Paul Conway - Learning Resources
Paul Conway
Associate Professor of the School of Information, University of Michigan
Interviewed 5/25/2010
Summary: Learn about Paul Conway’s fascinating story of how a project he was doing (and complaining about) at the National Archives ended up teaching him more than he ever imagined and led to his position as Head of the Preservation Department at Yale. Are you embarking on a digital project? Conway shares how to determine if you should build or buy, do-it-yourself or use a vendor. Conway discusses how libraries need to let go of perfecting digitization standards and workflows, and instead focus on why libraries exist in the first place: to get materials and content out for people to use.

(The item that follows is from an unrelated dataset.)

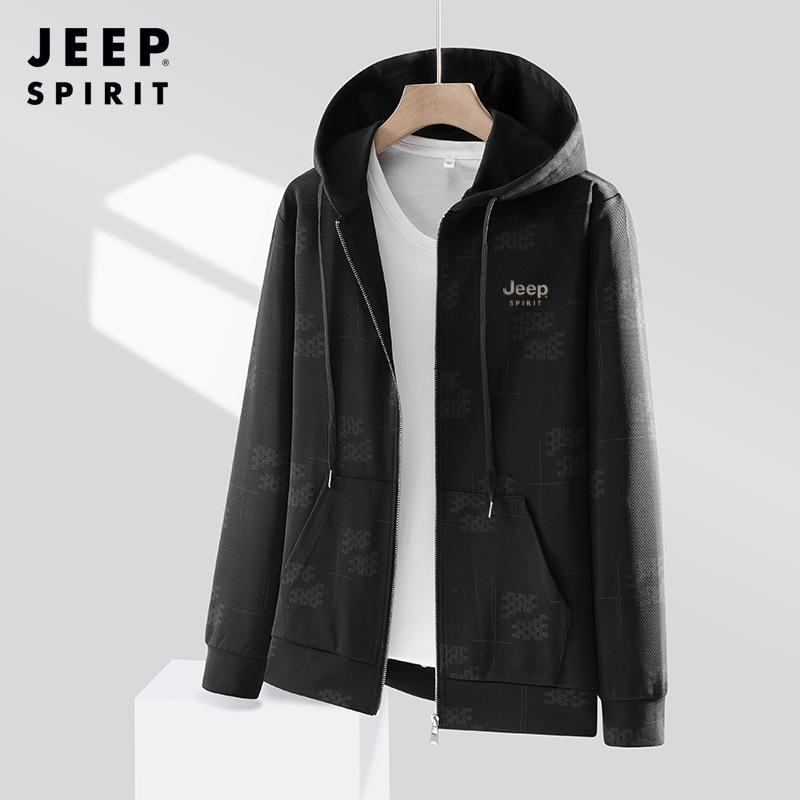 JEEP SPIRIT秋冬新款男士休闲卫衣开衫连帽休闲简约百搭户外运动居家日常JP6382
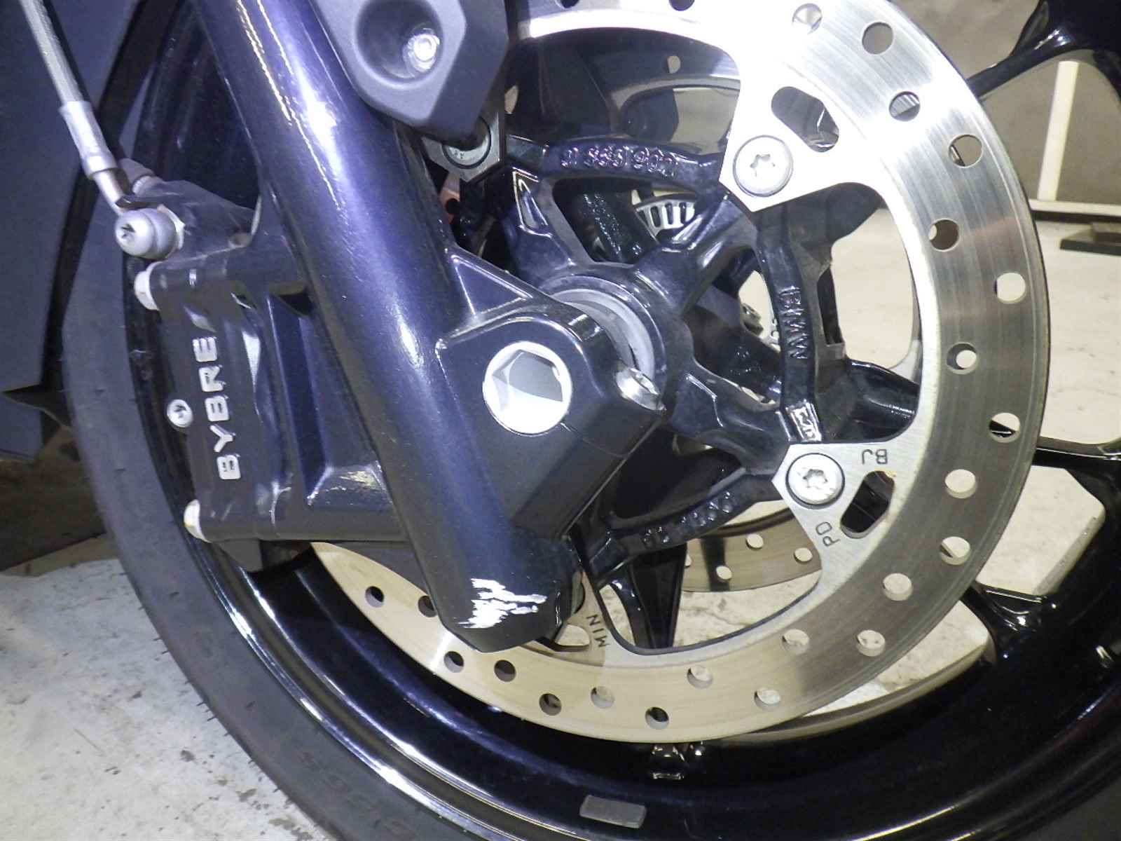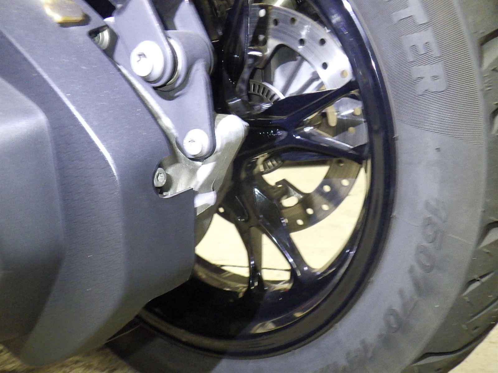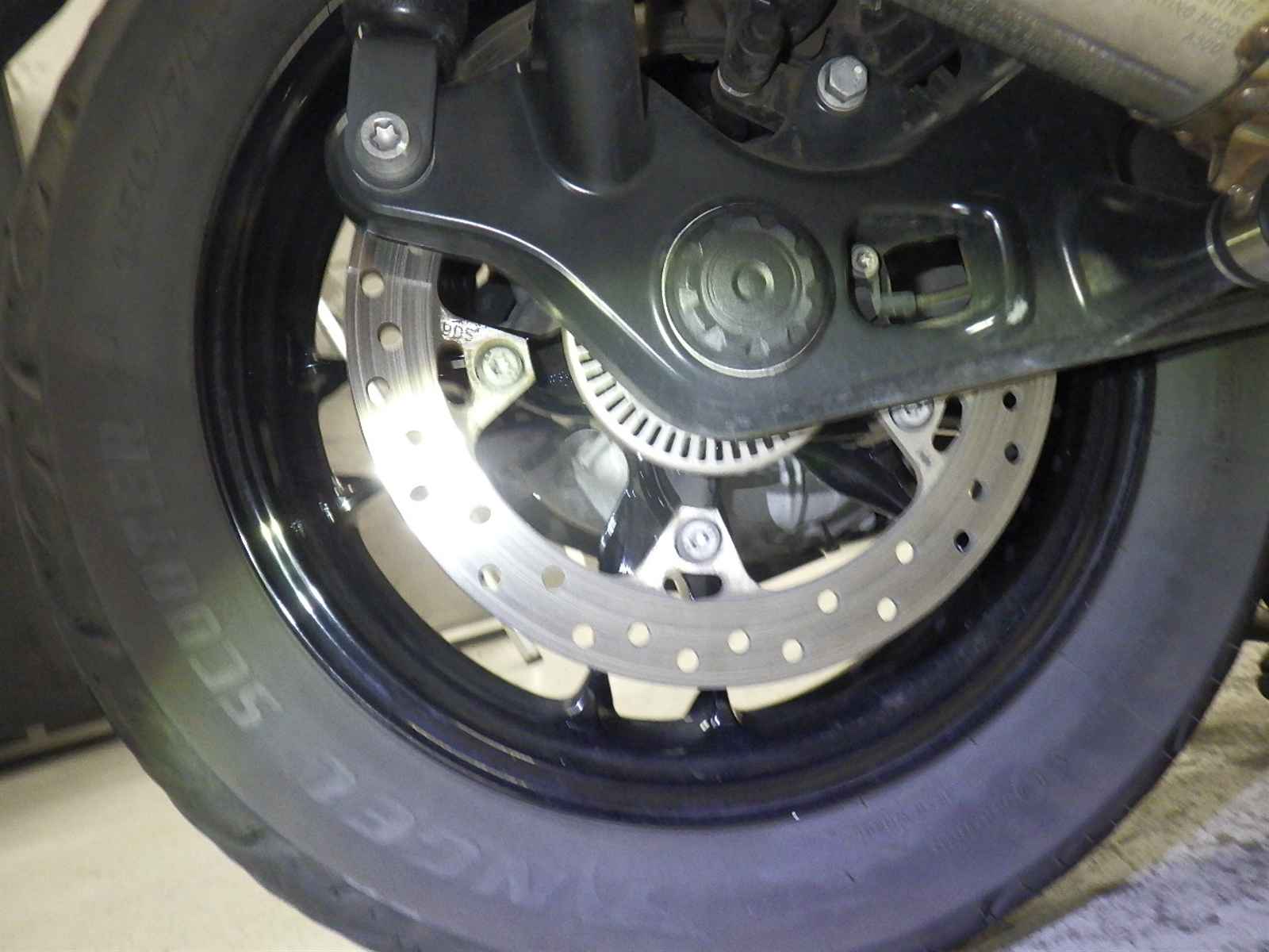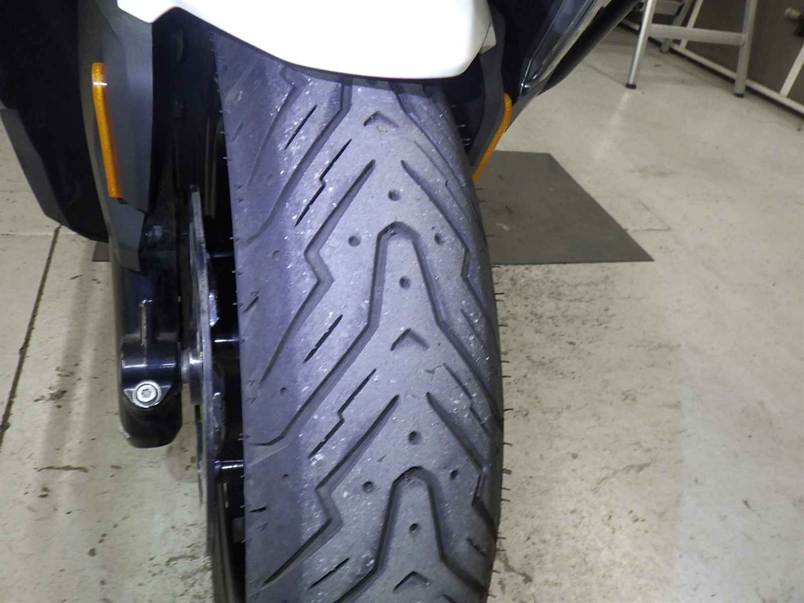 Передняя покрышка: Снижение давления в шине, Трещина требует замены.

Quotes: “The day is coming when all of our fixed visual resources are going to be available digitally. And if they’re not, they don’t count. They don’t count.”
“My biggest single concern was the time it took for the library and archives community to come to a consensus over what the best way to get the job done was.”
Seize opportunities to be mentored by leaders with a clear vision and plan
If you are fortunate enough to have the opportunity to work with someone who has both a clear vision and plan, seize it!
- “So I had the good fortune of being—mentored/supervised/forced to do a very clearly defined project with a very clear deliverable that resulted in teaching me more than I ever imagined. And I came away interested and fascinated with the—with the potential.”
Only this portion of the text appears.